NOM does not want the Boy Scouts of America to allow gay scoutmasters. What this has to do with promoting a healthy marriage culture, I can’t say. But NOM prez Brian Brown is emphatic:

…the Scouts are considering a proposal to abandon their longstanding national policy, and instead leaving the decision of allowing homosexual scout leaders to each individual council.

As we know from the marriage battle, capitulation is not a strategy for preserving our cherished values. When homosexual activists demanded “rights” and “benefits” many well-meaning policymakers responded with “civil unions” and “domestic partnerships,” believing that this “compromise” would preserve marriage while providing tangible benefits for same-sex couples. Though many in the gay community lobbied for these changes, once enacted they quickly adopted a strategy of condemning them as “second class” and used them to successfully file lawsuits redefining marriage.

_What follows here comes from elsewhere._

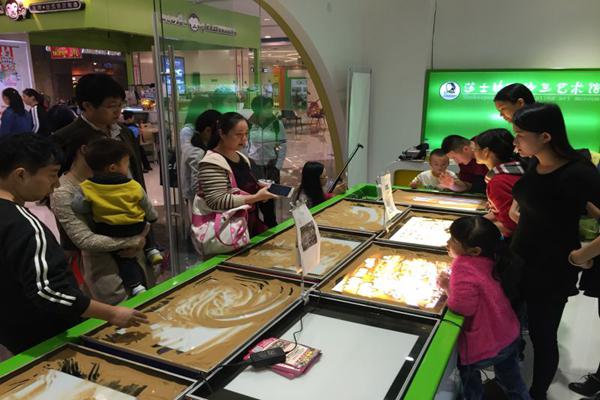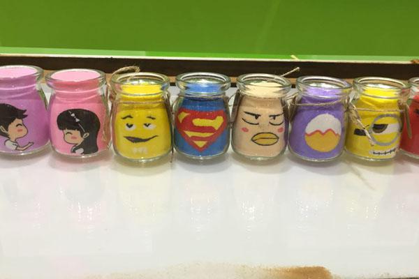 走進(jìn)莎士比亞沙畫(huà)藝術(shù)館,就被孩子們的笑聲所吸引。場(chǎng)館雖然不大,工具都很齊全,在周末,人會(huì)更多,大人帶小孩去的,情侶一起去體驗(yàn)的,其樂(lè)融融。在場(chǎng)館的一角,一堆孩子們聚集在一起,在老師耐心指導(dǎo)的基礎(chǔ)上,發(fā)揮自身的想象力,無(wú)論是可愛(ài)的大象,威武的獅子,令人膽寒的蟒蛇,都能在沙畫(huà)中活靈活現(xiàn)...一起來(lái)的情侶當(dāng)然就比較喜歡有愛(ài)的畫(huà)面,在兩人共同努力下,完成一幅牽手的沙畫(huà),紀(jì)念難忘的一下午,是不是特別有意思?當(dāng)手法嫻熟之后,可以考慮體驗(yàn)更加精細(xì)的沙瓶畫(huà),把自己喜歡的圖案在瓶子里一點(diǎn)點(diǎn)勾勒,把這一點(diǎn)小小的心意送給自己愛(ài)的人。
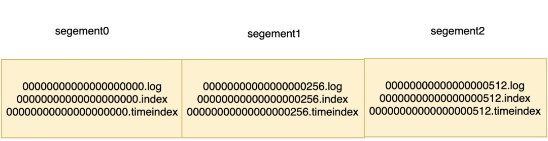 示例中第 2 个 LogSegment 对应的基准位移是 256,也说明了该 LogSegment 中的第一条消息的偏移量为 256,同时可以反映出第一个 LogSegment 中共有 256 条消息(偏移量从 0 至 254 的消息)。

Even though their supporters have relentlessly pressured the Boy Scouts to admit openly homosexual men as scoutmasters with the responsibility of mentoring America’s youth, the Human Rights Campaign (HRC) now says the “compromise” the Boy Scouts are considering does not go nearly far enough.

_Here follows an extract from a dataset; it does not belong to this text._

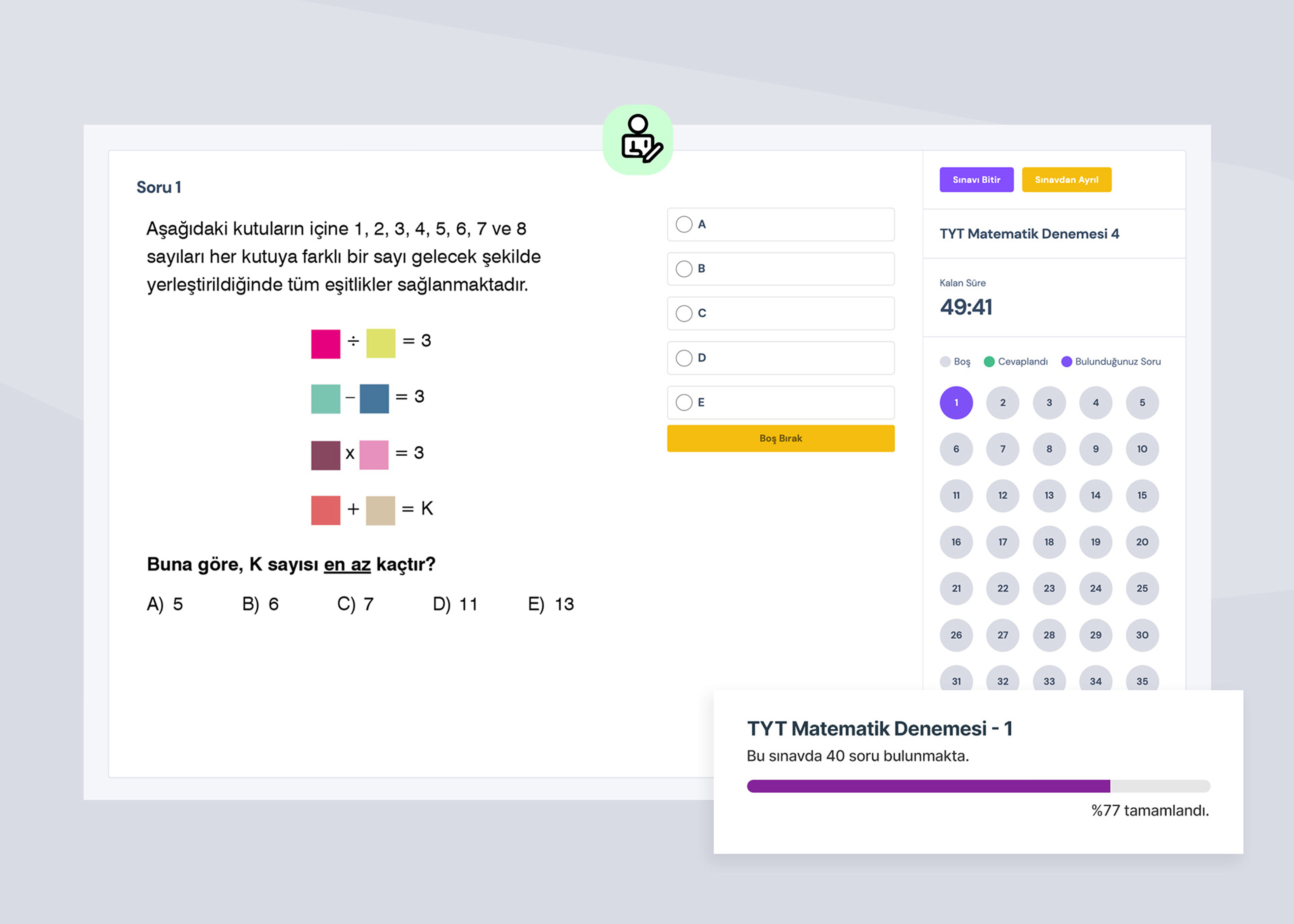 A dedicated exams module enabling students to take online tests with clear organization and a focused exam-taking experience.

They will settle for nothing short of capitulation – homosexuality-affirming troops in every locale across America, tolerating no exceptions, period. Any parent or young man who holds a traditional Judeo-Christian view of sexual morality will be attacked as bigoted and accused of discriminatory conduct. You can imagine the lawsuits that will follow.

The BSA Board of Directors will be voting very soon on this new policy proposal — perhaps as early as Monday — and they are seeking public input into their decision. We need to make it clear that compromising honorable values is no path to organizational victory.

Actually, I can’t imagine the lawsuits that will follow. Despite NOM’s victim project, it’s never shown us a lawsuit in the U.S. based simply on someone holding a traditional Judeo-Christian view of sexual morality. This is their great fundraising fiction. Perhaps that explains why they have such money problems.

Let’s be clear on why Brian’s all a-flutter.

The Boy Scouts are not being required by law to stop discriminating.

They are not instituting a national non-discrimination policy.

They are not recommending that any local council stop discriminating.

They are merely pondering whether to let local councils decide for themselves.

And Brian Brown is freaking out. He’s drawing a battle line here and we should note it. I’ve searched for anything that would make Brian’s argument unique to the Boy Scouts, and I can’t find it. He’s made a case, right or wrong, that it’s a threat to religious liberty for private organizations to have no official policy on anti-gay discrimination. Brian’s reasoning — and correct me if I’m wrong — implies there is only way to protect religious freedom: make sure everybody out there implements and enforces a mandatory policy of discrimination against gay and lesbian people.

This is Dark Ages stuff. In Brian Brown’s utopia, no one will dare sue for anti-gay discrimination because no one will dare reveal themselves as gay. No one will come out to their friends. No one will acknowledge their partner. Because every group, every charity, every employer will have a mandatory no-gay policy. Anything less is “compromising honorable values” and opening good people up to lawsuits just for holding a belief.

And he wonders why we worry about second-class status.